- Born: November 2, 1932 Robeline, Louisiana
- Died: October 30, 2018 (aged 85)
- Education: Oklahoma State University, University of Oklahoma
- Occupation: social work
- Known for: director of Planned Parenthood of Tulsa

= Jacqulyn Longacre =

American advocate for women's and rural health

Jacqulyn Clara "Jackie" Longacre (November 2, 1932 – October 30, 2018) was the executive director of Planned Parenthood in Tulsa, Oklahoma. In the eighteen years she was the director of the Tulsa campus, they grew from serving 1,600 patients to serving over 10,000 patients in a single year and were awarded the Fairchild Award, the highest award available for being a quality service affiliate. Longacre played a vital part in establishing Reproductive Services in Tulsa as well as Tulsa
County Perinatal Coalition. In 1993, she was inducted in the Oklahoma Women’s Hall of Fame.

==Early life==
Jackie Longacre was born in Robeline, Louisiana, but was raised primarily in Wewoka, Oklahoma. Her family moved around several times because of her father's work in the oilfield. She attended several rural schools during her childhood that played a key role in her early character development. Eventually, Longacre graduated from Wewoka High School. Longacre continued her education at Oklahoma A&M (now Oklahoma State University) due to a scholarship she received through the Extension Service. While in college she held several jobs, including running the dorm elevator, working in the kitchen, and finally in the Dean of the Graduate School's office. She majored in accounting and economics and completed her degrees in four years.

==Career==
Longacre applied for a job as an oil company accountant in Venezuela, but was denied as a single woman. She took a caseworker exam and went to work for Seminole County Department of Welfare, moving in 1957, to the Department of Human Services in Tulsa County. While working on her graduate degree at the University of Oklahoma, Longacre was employed in the Social Work Department of Griffin Memorial Hospital in Norman. After graduating with her master's degree, Longacre moved to Tulsa, working at the Child Welfare Division of the Department of Human Services and later took over the Child Protective Unit in Tulsa County. In 1969, Longacre became the Director of Planned Parenthood in Tulsa, where she worked for eighteen years. During her tenure, Tulsa’s Planned Parenthood grew from serving 1,600 patients to serving over 10,000 patients in a single year and was awarded the Fairchild Award, the highest award available for quality service in the industry. Longacre was a key figure in the development of reproductive health services for Tulsa and helped establish the Tulsa County Perinatal Coalition, which was founded in 1987 to address a crisis occurring in women's health at that time—lack of services for low-income women, high risk and high infant mortality due to inadequate health care, and inadequate education. She moved to Dallas for a short period of time, working with the Planned Parenthood located there.

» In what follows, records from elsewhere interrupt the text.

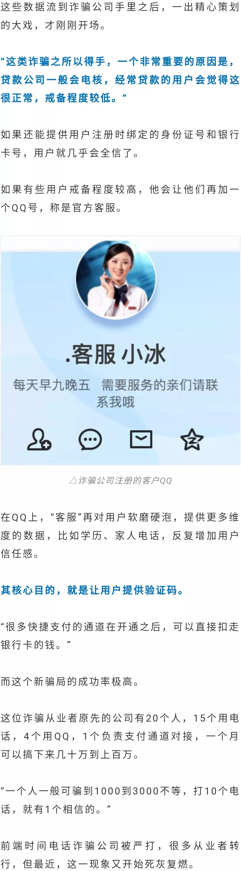 這些數(shù)據(jù)的維度極細(xì),包括姓名、電話、身份證、銀行卡,甚至還包括一些細(xì)致的風(fēng)控維度,如學(xué)歷、社保信息、工作單位、家人電話……
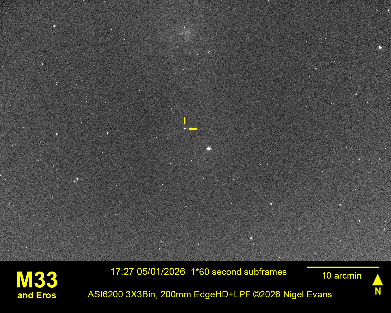 On 05 January 2026, asteroid 433 Eros (magnitude 10.8) swept past M33, the Triangulum Galaxy. I was alerted to the event by a piece on the BAA website. I started observing as soon as it was dark enough and followed Eros until its meridian crossing, at which point clouds rolled in!
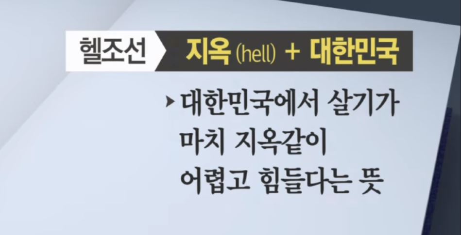 ‘헬조선’이라는 단어가 모두에게 통용되는 말이 된 건 어떤 식으로든 사람들이 헬조선의 뜻을 인지하고 있다는 것, 그리고 꽤 많은 사람들이 이에 공감한다는 얘기다. 사실 여기에서 객관적인 지표는 큰 의미가 없다. 객관적 지표가 무슨 말을 해도, 주관적으로 어떻게 느끼는지가 개개인에게는 더 중요하다. 이런 자조적이고, 염세적인 단어가 쓰인다는 것은 그만큼 삶에 무기력한 사람들이 많아졌다는 뜻이다. 여기에는 언론과 정치인들이 행하는 단순한 접근이 아니라 근본적인 접근이 필요하다.
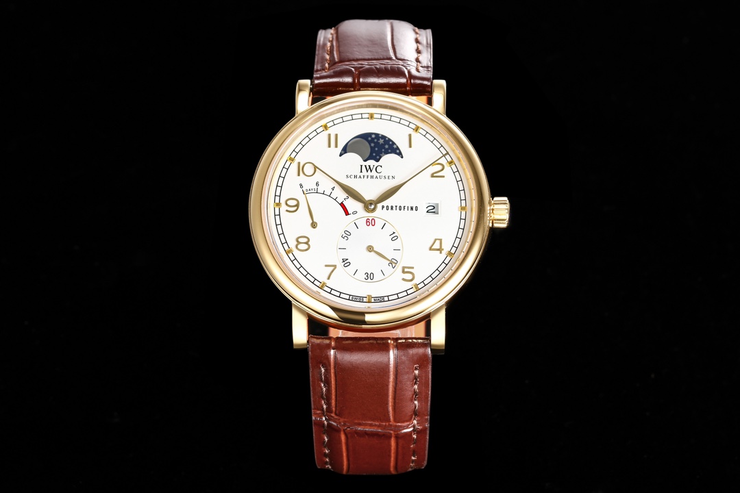 【表殼】316L精鋼表殼,打磨拋光好圓滑。小秒針喺6點鐘位置附撥針停秒功能,有實心條釘刻度同埋羅馬數字,9點位增添動能裝飾,3點位寫有 PORTOFINO(柏濤菲諾英文)同埋準確距離日曆窗,同埋呢個弧形嘅動能裝飾對稱。12位配搭月相位置同原版一樣。我哋可以留意到,呢隻手錶嘅日曆窗喺表盤最邊緣,而且日曆字體同原版一樣。柳葉形指針分別指示鐘同分,兩面都有防反光拱形藍寶石鍍膜鏡面。【表帶】意大利小牛皮。【機芯】自主研製自動上鏈機械機芯,機芯穩定,走時準。
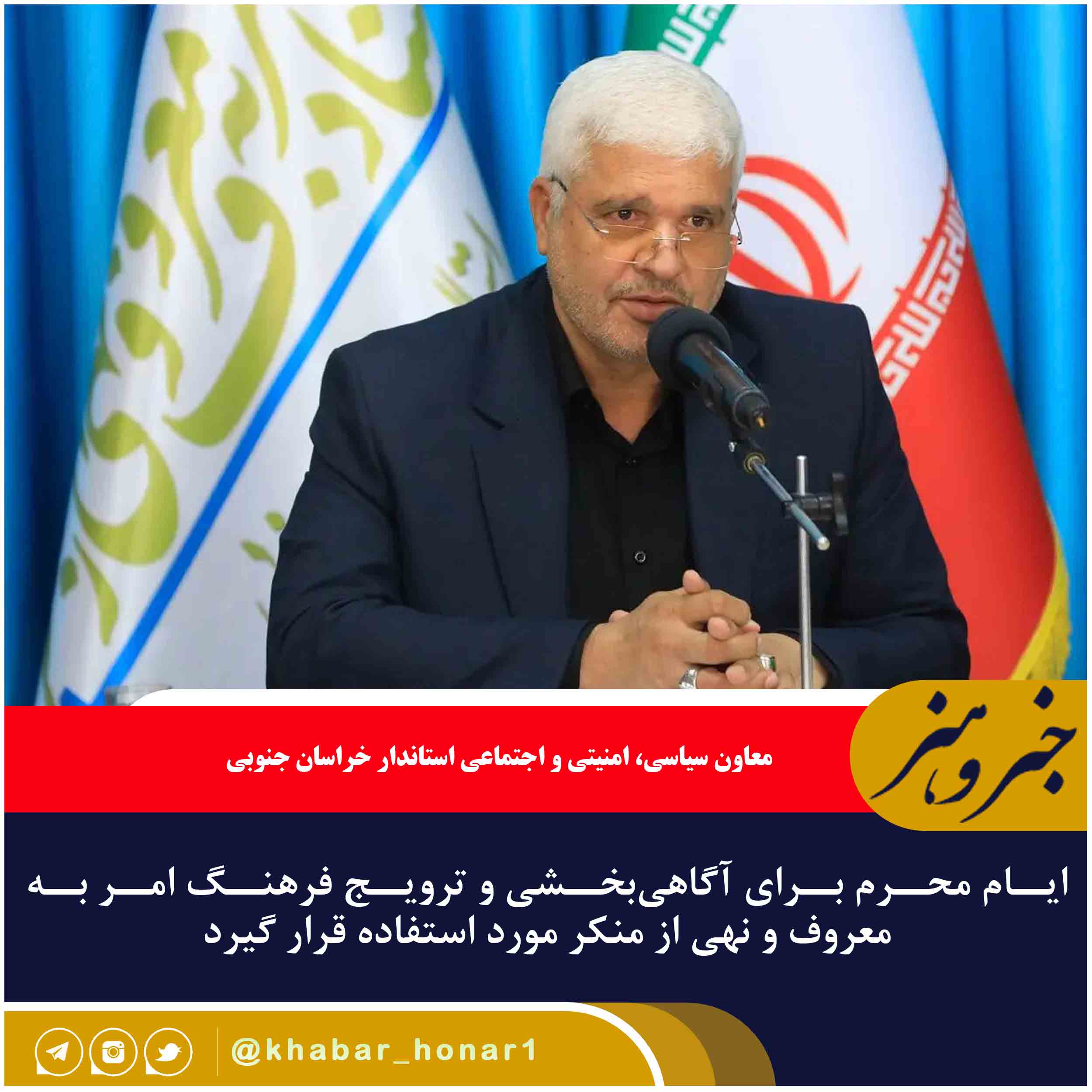 معاون سیاسی، امنیتی و اجتماعی استاندار خراسان جنوبی گفت: در ایام محرم بیشترین حضور مردمی در مساجد و هیئات مذهبی رقم می‌خورد و این ظرفیت باید به‌درستی برای آگاهی‌بخشی و ترویج فرهنگ امر به معروف و نهی از منکر مورد استفاده قرار گیرد.
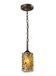 Variegated shades of amber art glass, set in a mosaic pattern are a delightful blend of retro style and sleek, modern lines. Each piece of glass is individually set by hand, ensuring that no two pieces are exactly alike. This means that not only is this pendant a functional lighting fixture but also one of a kind work of art. The shade is suspended from a metal ceiling canopy, decorative chain and vase cap, all finished in a burnished antique golden sand. Lovely when hung alone, this pendant makes a stunning display hung in multiples over a kitchen island or breakfast nook.
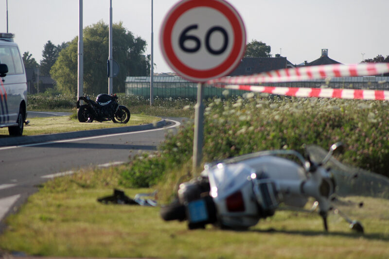 Pijnacker – Op de kruising van de Zijdeweg met de Hoogseweg in Pijnacker heeft een aanrijding plaatsgevonden tussen een motor en een scooter.
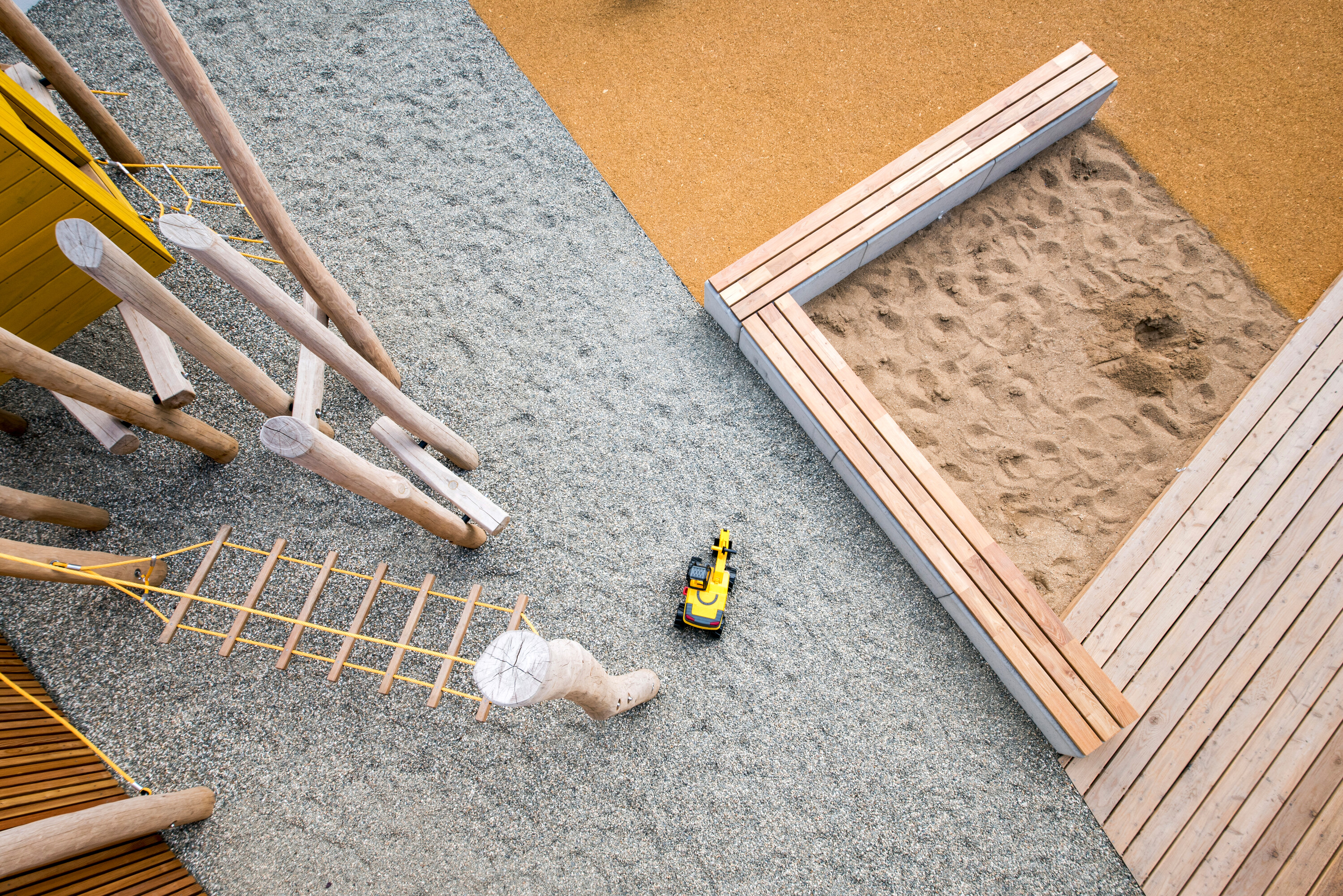 비록 정원의 규모는 크지 않지만, 동측의 아카시아 목재 놀이 구조물과 나선형 계단, 교실과 직접 연결된 테라스와 모래 놀이터, 남측의 작은 무대와 놀이집, 중앙의 벚나무까지 유치원에 필요한 모든 요소를 갖추고 있다. 서로 다른 재료와 경계로 구분된 정원의 영역들은 놀이와 활동을 풍부하게 만들면서도 관리가 용이한 환경을 제공한다.

Longacre returned to Oklahoma to direct the Area Health Education Center in Enid, Oklahoma and focused on health education. Many of the programs her agency sponsored worked on teen pregnancy issues, suicide reduction, family planning, reducing the risks of STDs, AIDs education and other issues.
In 1992, when a grant was given to establish a rural health service, she founded Rural Health Projects (RHP). In a 2005 book, Troubled Fields: Men, Emotions, and the Crisis in American Farming by Eric Ramirez-Ferrero, the author praised Longacre's assistance and the RHP for its services to the rural health needs of Oklahomas in the northwestern part of the state. After, Longacre went to work for the State Health Department helping to improve the WIC program, from which she retired in 1996.

Longacre was inducted into the Oklahoma Women's Hall of Fame in 1993 for her advocacy on women's and rural health issues. In 2015, a play honoring Longacre and 13 other Oklahoma women who were "courageous, tenacious, persistent and uppity" entitled Oklahoma Women with True Grit was premiered at the Stillwater Public Library.